What needs to be done: Every entry needs to be written out again exactly, with its pictures removed.

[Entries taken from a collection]
-*-*-

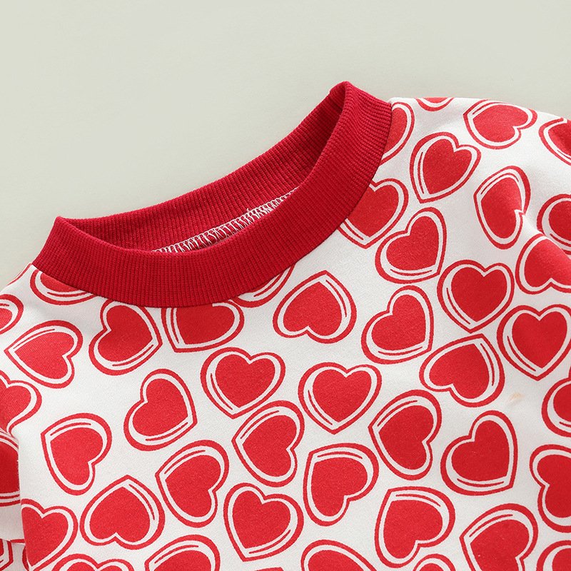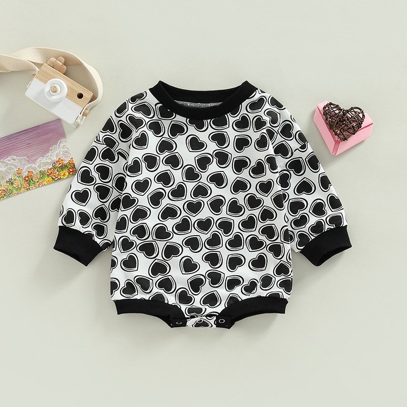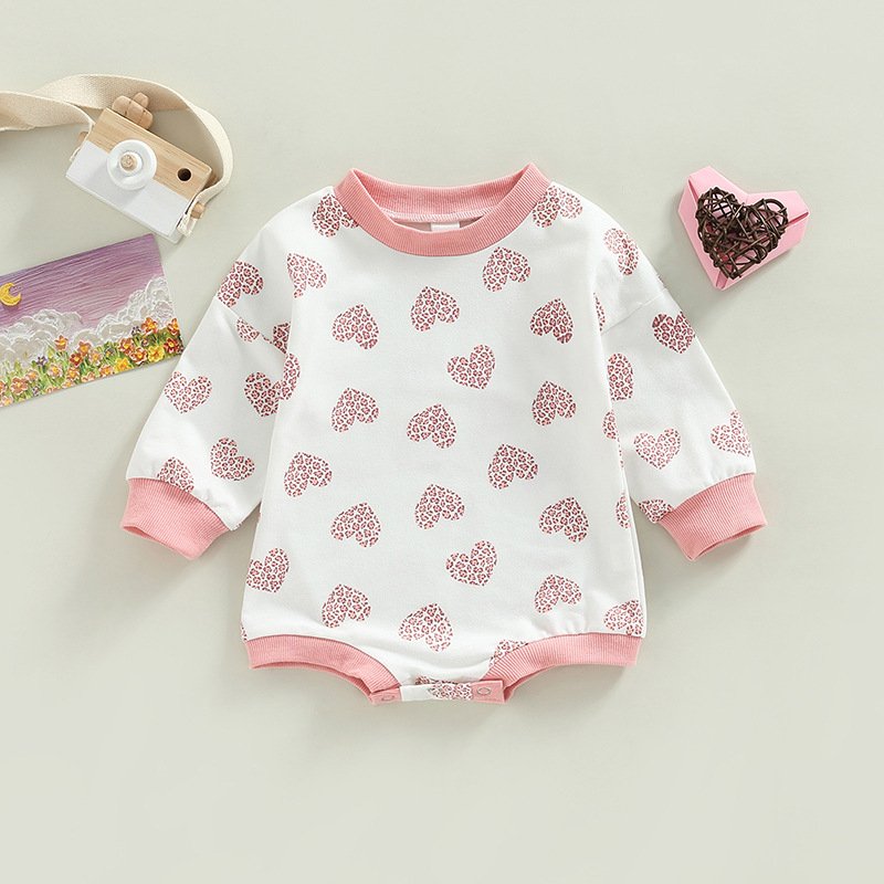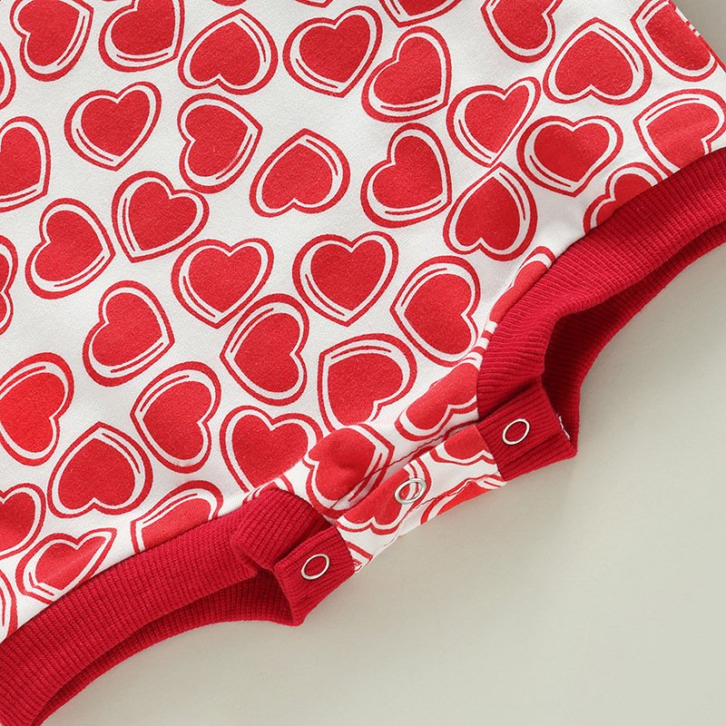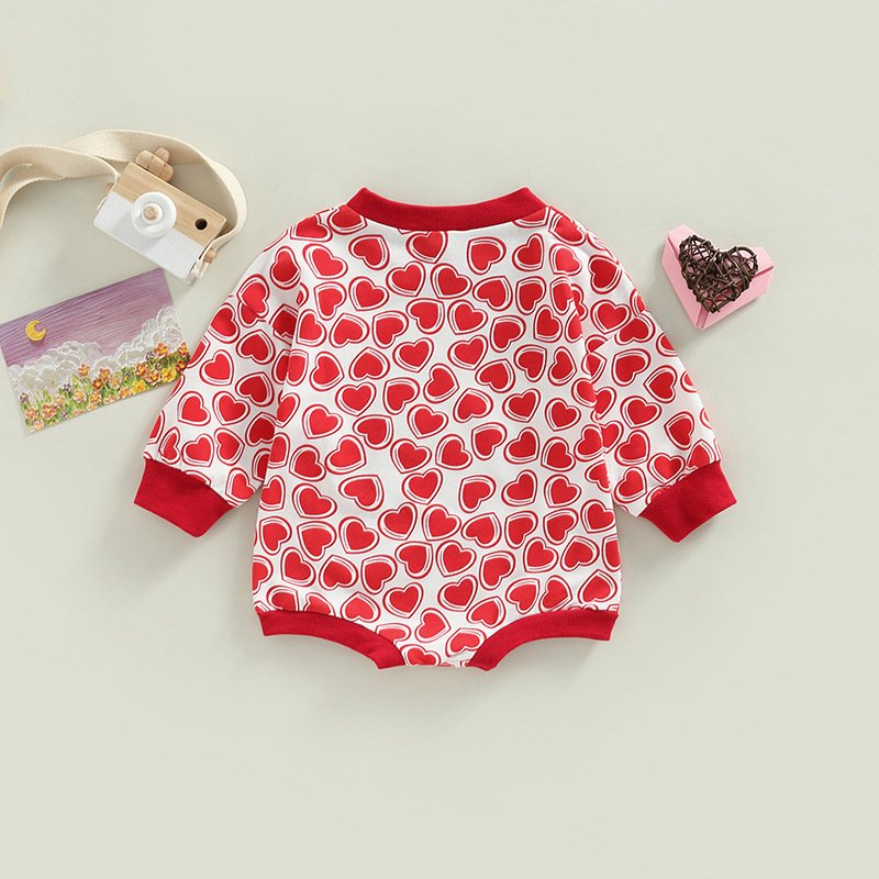 Kids Baby Boys Girls Valentine Casual Love Heart Print Long Sleeve Round Neck Romper
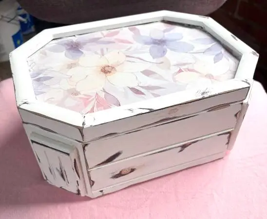 Just finish this wooden floral distress distress jewelry box it’s for sale asking price $20.00. Must pick-up and cash only. Message me for address
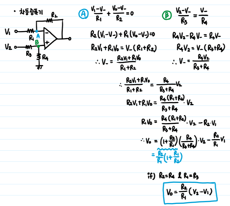 차동 증폭기는 말 그대로 두 입력 간의 차이를 증폭하는 회로입니다.
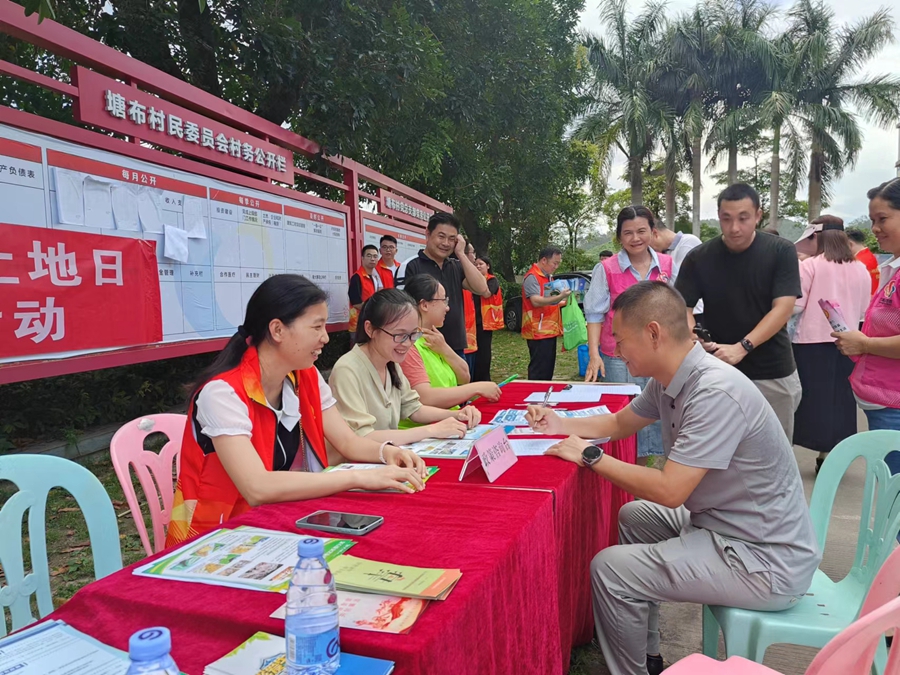 在西區(qū)塘布村委會廣場,政策宣傳區(qū)、政策咨詢臺前圍滿了熱情的村民。工作人員向村民宣傳自然資源有關(guān)政策,派發(fā)自然資源相關(guān)宣傳資料,并耐心解答群眾關(guān)心問題,進(jìn)一步提高村民自然資源保護(hù)意識,推動形成“主動保護(hù)自然資源”的良好氛圍。
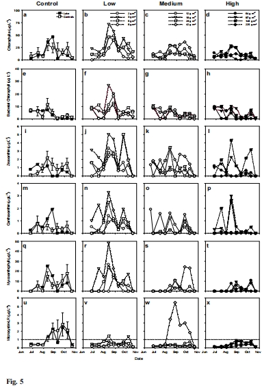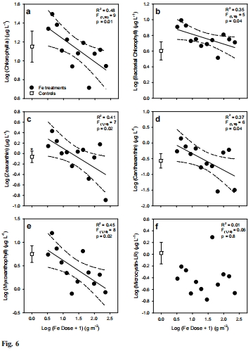 數據來源:圖5a-d中葉綠素a濃度在鐵處理組夏季藻華期降低50%以上;圖6c-e顯示藍藻色素(如玉米黃質、角黃素)隨鐵劑量增加而減少(劑量效應P < 0.05)。
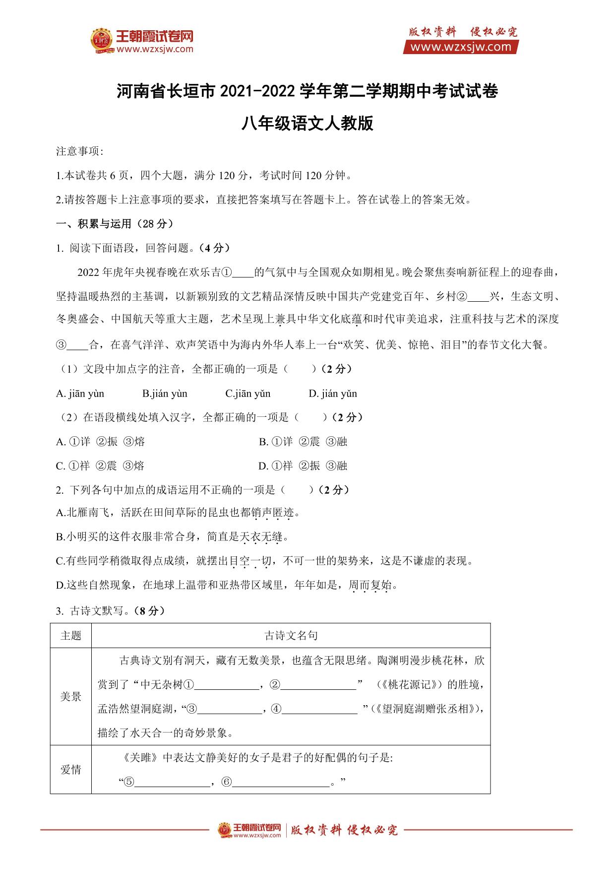 河南省长垣市2021-2022学年第二学期期中考试试卷八年级语文(人教版)
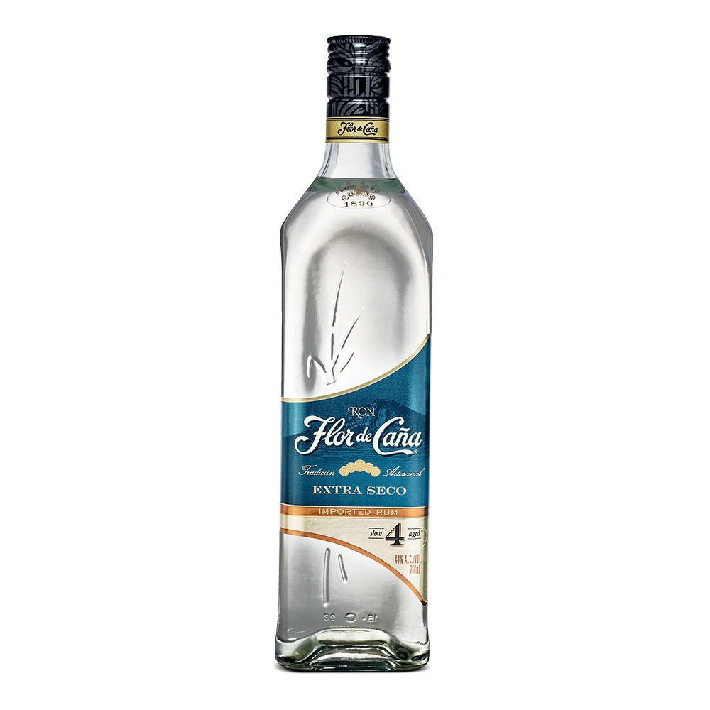 To Flor de Caña 4 Extra Seco είναι ένα premium λευκό ρούμι από τη Νικαράγουα, παλαιωμένο για 4 χρόνια σε μικρά ξύλινα βαρέλια. Συνδυάζει νότες από γλυκά αμύγδαλα και βανίλια με διακριτικά αρώματα λευκής σοκολάτας και ελαίων πορτοκαλιού, προσφέροντας ξηρή και αρμονική επίγευση.
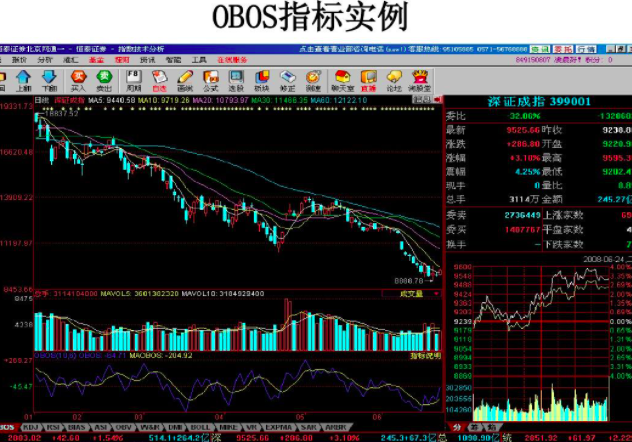(5) OBOS可用趋势线原理进行研制,当OBOS突破其趋势线时,应提防大势随时反转。
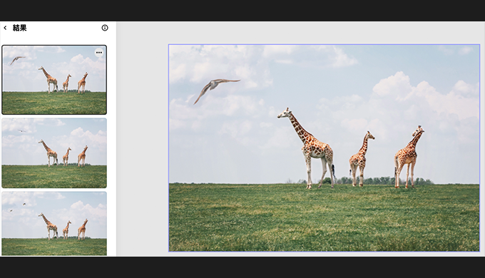 結果として候補は左下に4つでてきて、さらに生成をクリックする度に複数候補が出てきます。
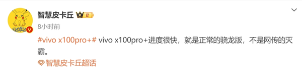 【手机中国新闻】此前,vivo举行了新品发布会,推出了vivo X100系列。新机一经发布便吸引了很多消费者的关注,而该系列的超大杯版本Pro+有望明年三月份推出。虽然距离发布日期还有一段时间,但网上逐渐浮现出关于该机的爆料。12月15日,手机中国注意到,有数码博主爆料,vivo X100 Pro+的研发进度很快,它是一款正常的骁龙版本手机,而不是网络上流传的“灭霸”版本。
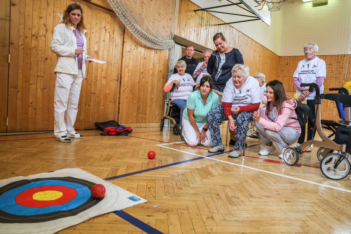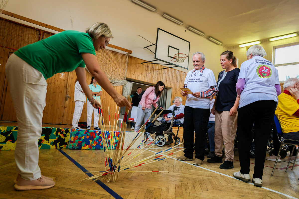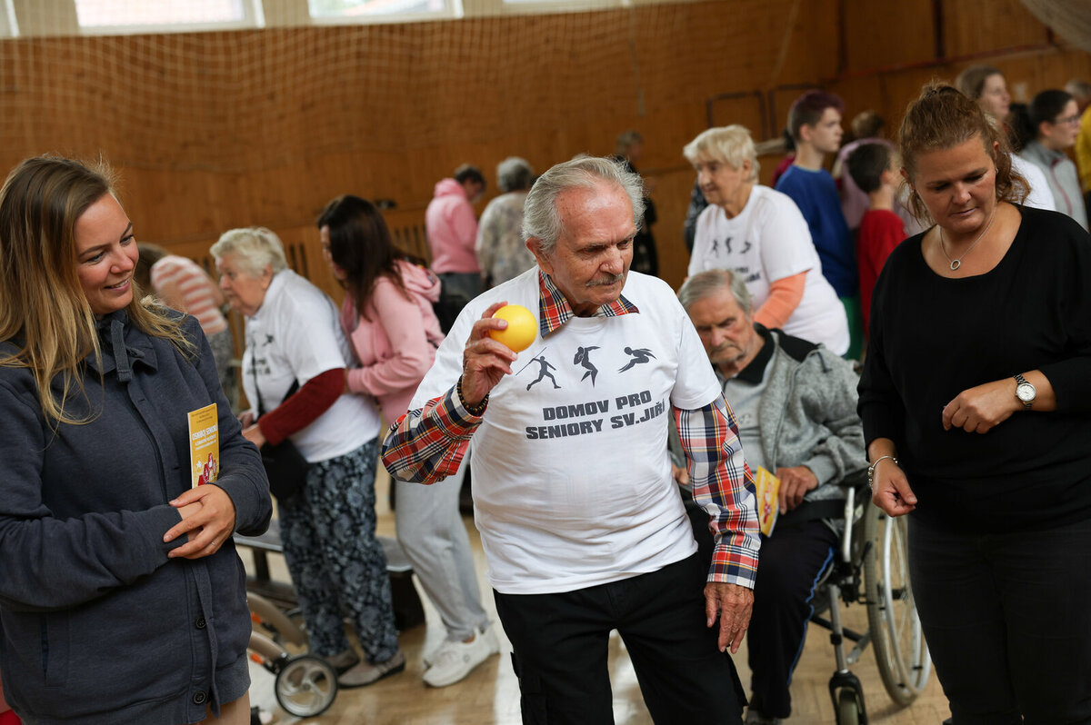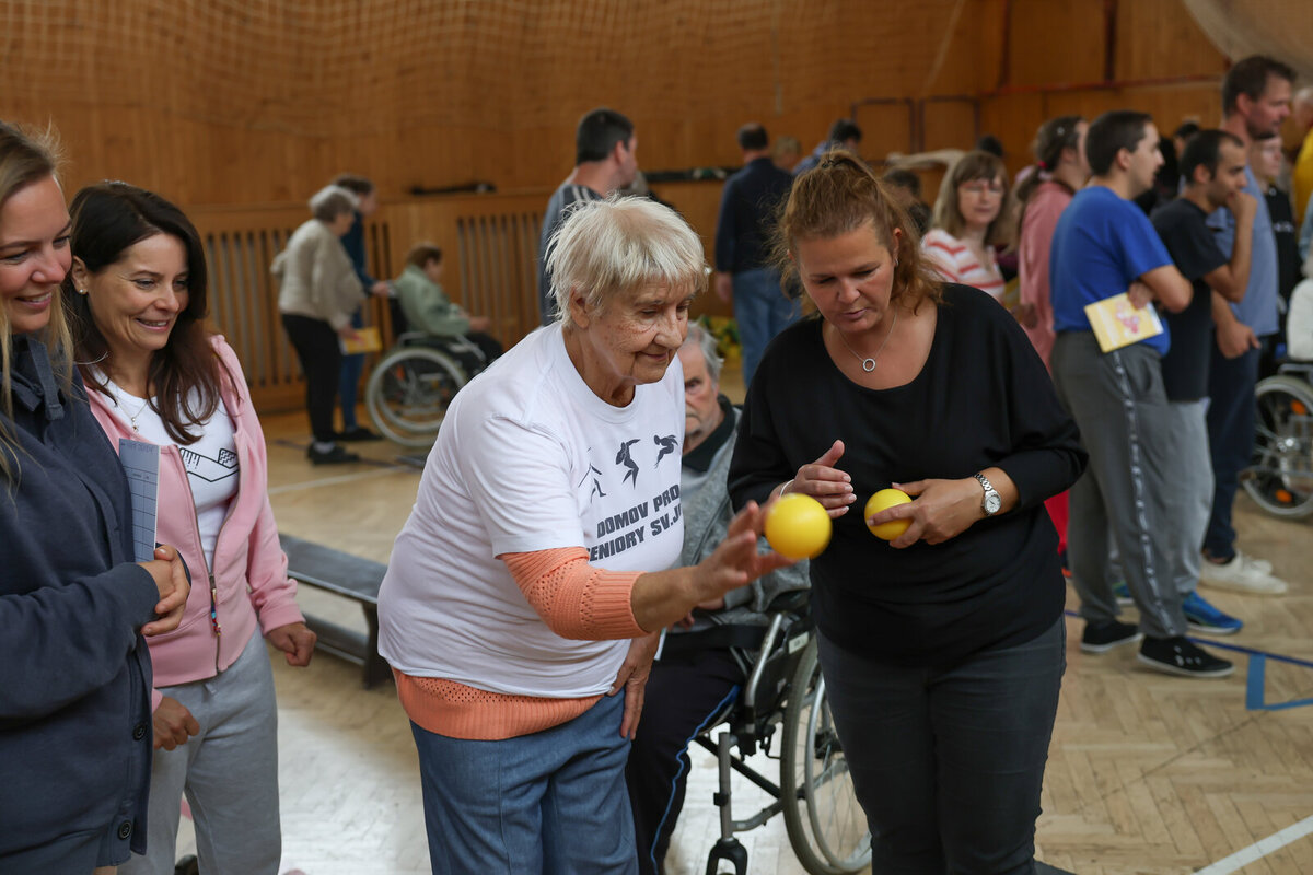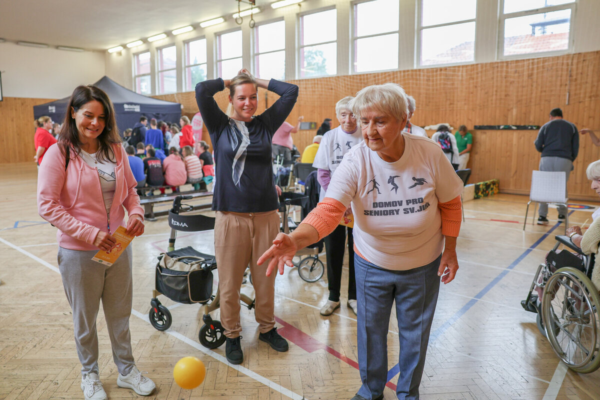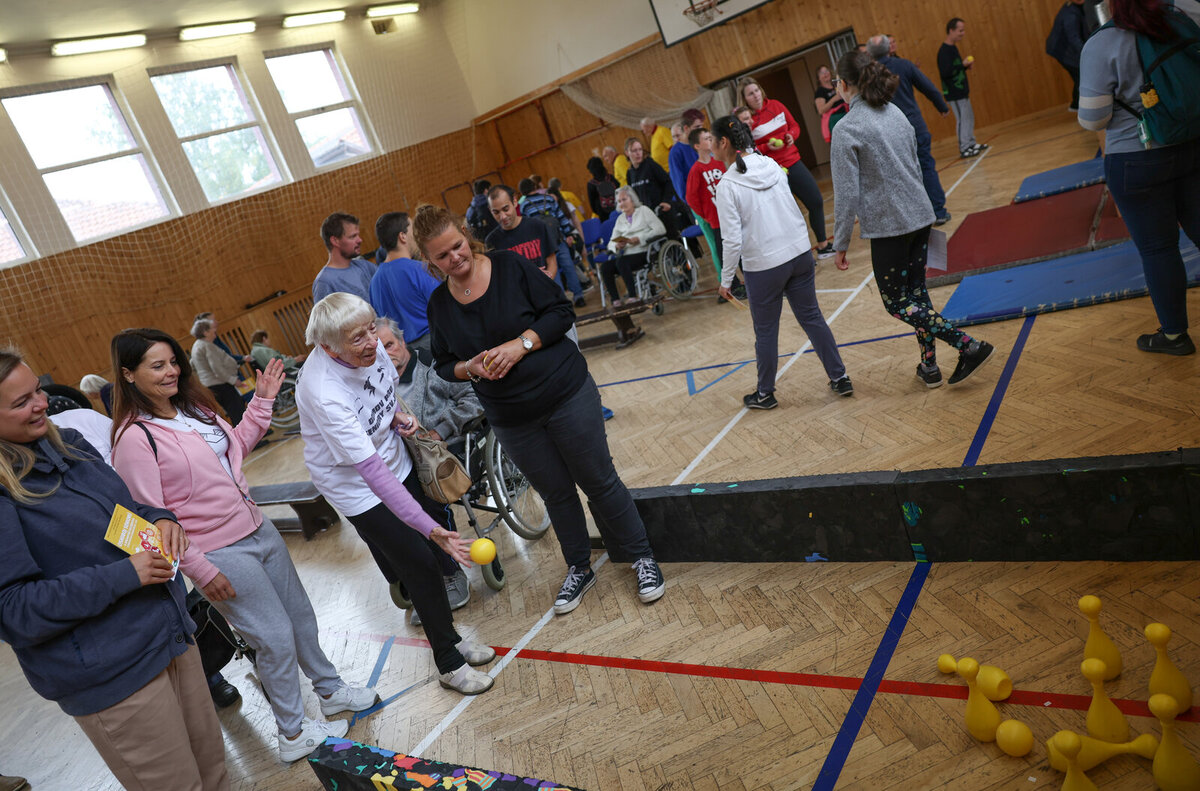 Sportovní klání se konalo v tělocvičně CPTS, na rozdíl od předchozích ročníků, které probíhaly venku. Letos však počasí tolik nepřálo, neboť se výrazně ochladilo. To však účastníkům nijak nevadilo a v tělocvičně přecházeli k jednotlivým sportovním stanovištím, kde jim po splnění každé disciplíny pořadatelé zapisovali body do soutěžní karty. Soutěžili v kuželkách, ping pongu, velkém mikádu, hodu na plechovky, hodu na koš, interaktivní videohře s mýdlovými bublinami a hře boccia, což je paralympijský sport podobný pétangue. Bylo vidět, že si navzájem drží palce, povzbuzovali se a tleskali. „Chtělo by to ještě více tréninku, například u kuželek,“ svěřila se soutěžící Marta Jiřincová, ale bylo vidět, že ji závody baví a nešetřila úsměvy, stejně jako její týmoví kolegové.

-*-*-

Exercise result:
 Kids Baby Boys Girls Valentine Casual Love Heart Print Long Sleeve Round Neck Romper
 Just finish this wooden floral distress distress jewelry box it’s for sale asking price $20.00. Must pick-up and cash only. Message me for address
 차동 증폭기는 말 그대로 두 입력 간의 차이를 증폭하는 회로입니다.
 在西區(qū)塘布村委會廣場,政策宣傳區(qū)、政策咨詢臺前圍滿了熱情的村民。工作人員向村民宣傳自然資源有關(guān)政策,派發(fā)自然資源相關(guān)宣傳資料,并耐心解答群眾關(guān)心問題,進(jìn)一步提高村民自然資源保護(hù)意識,推動形成“主動保護(hù)自然資源”的良好氛圍。
 數據來源:圖5a-d中葉綠素a濃度在鐵處理組夏季藻華期降低50%以上;圖6c-e顯示藍藻色素(如玉米黃質、角黃素)隨鐵劑量增加而減少(劑量效應P < 0.05)。
 河南省长垣市2021-2022学年第二学期期中考试试卷八年级语文(人教版)
 To Flor de Caña 4 Extra Seco είναι ένα premium λευκό ρούμι από τη Νικαράγουα, παλαιωμένο για 4 χρόνια σε μικρά ξύλινα βαρέλια. Συνδυάζει νότες από γλυκά αμύγδαλα και βανίλια με διακριτικά αρώματα λευκής σοκολάτας και ελαίων πορτοκαλιού, προσφέροντας ξηρή και αρμονική επίγευση.
(5) OBOS可用趋势线原理进行研制,当OBOS突破其趋势线时,应提防大势随时反转。
 結果として候補は左下に4つでてきて、さらに生成をクリックする度に複数候補が出てきます。
 【手机中国新闻】此前,vivo举行了新品发布会,推出了vivo X100系列。新机一经发布便吸引了很多消费者的关注,而该系列的超大杯版本Pro+有望明年三月份推出。虽然距离发布日期还有一段时间,但网上逐渐浮现出关于该机的爆料。12月15日,手机中国注意到,有数码博主爆料,vivo X100 Pro+的研发进度很快,它是一款正常的骁龙版本手机,而不是网络上流传的“灭霸”版本。
 Sportovní klání se konalo v tělocvičně CPTS, na rozdíl od předchozích ročníků, které probíhaly venku. Letos však počasí tolik nepřálo, neboť se výrazně ochladilo. To však účastníkům nijak nevadilo a v tělocvičně přecházeli k jednotlivým sportovním stanovištím, kde jim po splnění každé disciplíny pořadatelé zapisovali body do soutěžní karty. Soutěžili v kuželkách, ping pongu, velkém mikádu, hodu na plechovky, hodu na koš, interaktivní videohře s mýdlovými bublinami a hře boccia, což je paralympijský sport podobný pétangue. Bylo vidět, že si navzájem drží palce, povzbuzovali se a tleskali. „Chtělo by to ještě více tréninku, například u kuželek,“ svěřila se soutěžící Marta Jiřincová, ale bylo vidět, že ji závody baví a nešetřila úsměvy, stejně jako její týmoví kolegové.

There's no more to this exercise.